(1) Schedule 2 to the Principal Regulations (standard provisions for manufac turer’s licences including manufacturer’s licences of right) shall be amended in accordance with the following paragraphs of this regulation.
(2) At the end of paragraph 3, there shall be inserted the words “and, in relation to medicinal products for human use, shall conduct all such operations in accordance with the principles and guidelines of good manufacturing practice”.
(3) After paragraph 3, there shall be inserted the following paragraph—
(3A) The licence holder shall, in relation to medicinal products for human use, establish and implement an effective pharmaceutical quality assurance system involving the active participation of the management and personnel of the different services involved.
(4) In paragraph 5 there shall be inserted after the words “The licence holder shall” the words “, in relation to medicinal products, other than for human use,”
(5) After paragraph 5 there shall be inserted the following paragraphs—
(5A)
(1) The licence holder shall, in relation to medicinal products for human use—
(a) provide and maintain a designated quality control department having authority in relation to quality control and being independent from all other departments in the exercise of that authority; and
(b) place the quality control department under the authority of the person notified to the licensing authority in accordance with paragraph 7(2) of Schedule 1 to the Medicines (Applications for Manufacturer’s and Wholesale Dealer’s Licences) Regulations 1971 as being responsible for quality control.
(2) Subject to paragraph 5B of this Schedule, the licence holder shall, in order to support the quality control department, provide and maintain such staff, premises and plant as are necessary for carrying out—
(a) such tests of the strength, quality and purity of the medicinal products which he manufactures for human use under the manufacturer’s licence as are required by the relevant product licences, and
(b) any tests or controls which relate to the conditions of production and in-process controls.
(3) Any animals used for the tests referred to in sub-paragraph (2) of this paragraph shall be suitably housed and managed.
(4) The licence holder shall ensure that the quality control department, in determining whether finished medicinal products for human use are to be released for sale or distribution, takes into account, in addition to analytical results—
(a) the conditions of production,
(b) the result of in-process controls,
(c) the examination of manufacturing documents, and
(d) the conformity of products to the specification in the relevant product licence.
(5B) A licence holder need not himself provide and maintain such staff, premises and plant as are necessary for carrying out such tests as are specified in paragraph 5A(2) of this Schedule provided that he makes arrangements with a person approved by the licensing authority to carry out such tests on his behalf in accordance with paragraph 5A(2) and (3) of this Schedule.

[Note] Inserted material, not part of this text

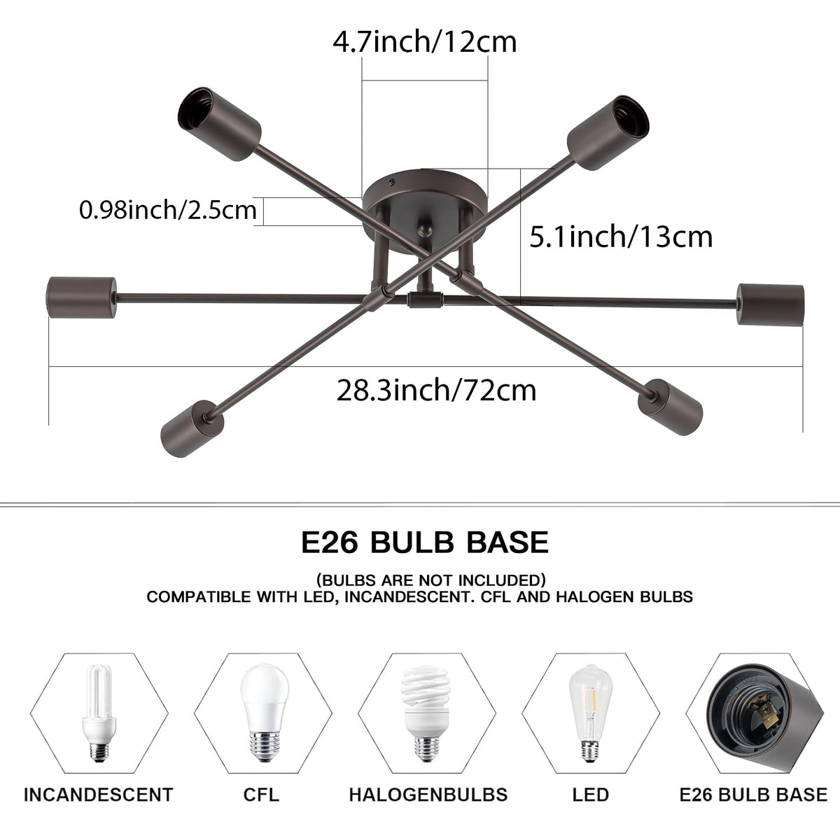 Brknit 6-Light Sputnik Chandeliers, Oil Rubbed Bronze Modern Semi Flush Mount Ceiling Light With E26 Base, Mid Century Industria
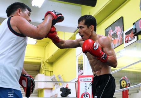リラックスムードに包まれたクワンタイの公開練習=大阪市内の井岡ジム

(6) In paragraph 8, for the words from “for a period” to the end of that paragraph there shall be substituted the following—
without the consent of the licensing authority—
in relation to a medicinal product for human use, for the relevant period,
in any other case, for a period of five years from the date when the manufacture or assembly of the relevant batch ocurred.
(7) After paragraph 8, there shall be inserted the following paragraphs—
(8A) The licence holder shall keep readily available for examination by a person authorised by the licensing authority samples of each batch of finished medicinal products for human use manufactured or assembled under his licence for at least a period of one year from their expiry date and shall retain samples of starting materials (other than solvents, gases or water) for at least a period of two years from the date of the release of the relevant batch of which the relevant starting materials formed part, except where the licence holder is authorised by the licensing authority to destroy any such sample earlier.

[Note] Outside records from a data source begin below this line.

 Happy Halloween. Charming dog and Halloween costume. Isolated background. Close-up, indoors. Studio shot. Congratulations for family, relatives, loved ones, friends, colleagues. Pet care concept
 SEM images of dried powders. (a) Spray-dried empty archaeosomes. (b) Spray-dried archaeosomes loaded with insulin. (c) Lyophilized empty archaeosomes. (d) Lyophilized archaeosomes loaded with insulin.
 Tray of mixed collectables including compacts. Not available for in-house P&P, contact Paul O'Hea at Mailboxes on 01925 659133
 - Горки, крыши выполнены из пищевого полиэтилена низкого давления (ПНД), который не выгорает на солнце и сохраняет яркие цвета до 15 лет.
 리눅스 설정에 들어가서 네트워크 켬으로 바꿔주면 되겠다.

(8B) The licence holder shall make suitable arrangements to ensure that any record or sample referred to in paragraph 8 or 8A above relating to a medicinal product for human use is retained for the relevant period.

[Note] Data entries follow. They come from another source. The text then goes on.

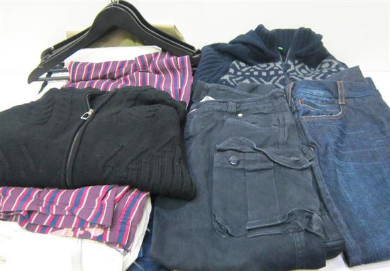 ASSORTED CHILDRENS AND MENS CASUAL CLOTHING, ASSORTED SIZES.
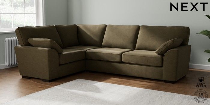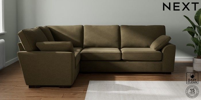 7.2.10 Stamford Large Corner Sofa - Left Hand Fine Chenille Easy Clean Dark Moss Green Large Square Angle - Dark | Made Click here to use our website with more accessibility support, for example screen readers
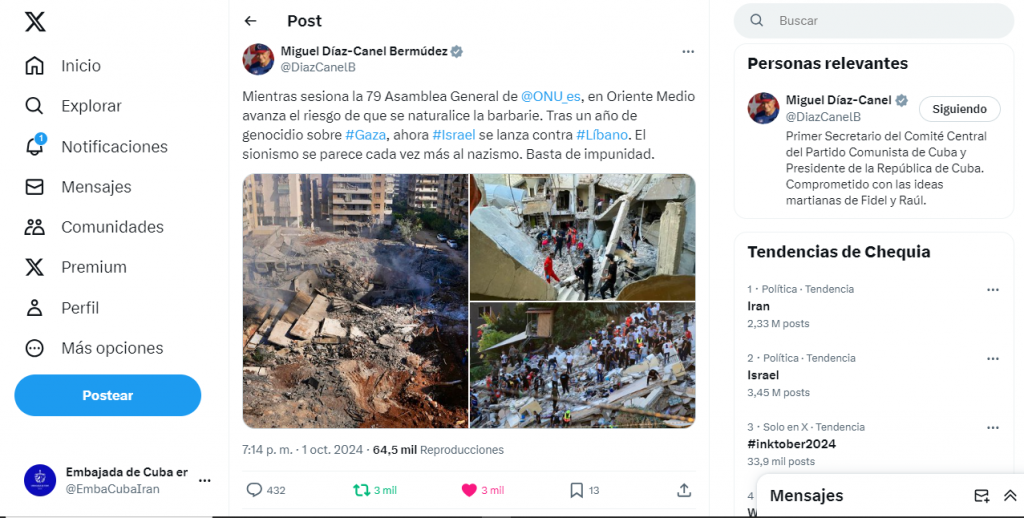 Teherán, 01 de octubre de 2024: El presidente de Cuba, Miguel Díaz Canel Bermúdez, denunció las acciones de Israel contra el Líbano en un mensaje publicado en su red social X (antes Twitter).

(8) In paragraph 9 after the word “shall” there shall be inserted the words “, in relation to medicinal products other than for human use,” and after the word “any” there shall be inserted the word “such”.
(9) After paragraph 9 there shall be inserted the following—
(9A)
(1) The licence holder shall implement a system for recording and reviewing complaints in relation to medicinal products for human use manufactured or assembled under his licence, together with an effective system for recalling promptly and at any time any such medicinal product in the distribution network.
(2) The licence holder shall record and investigate all complaints described in sub-paragraph (1) of this paragraph and shall immediately inform the licensing authority of any defect which could result in a recall from sale, supply or exportation or in an abnormal restriction on such sale, supply or exportation.
(10) In sub-paragraph (5) of paragraph 16 the words “medicinal products consisting of vaccines, toxins or serums, medicinal products based on human blood or blood constituents, radioactive isotopes or” shall be omitted.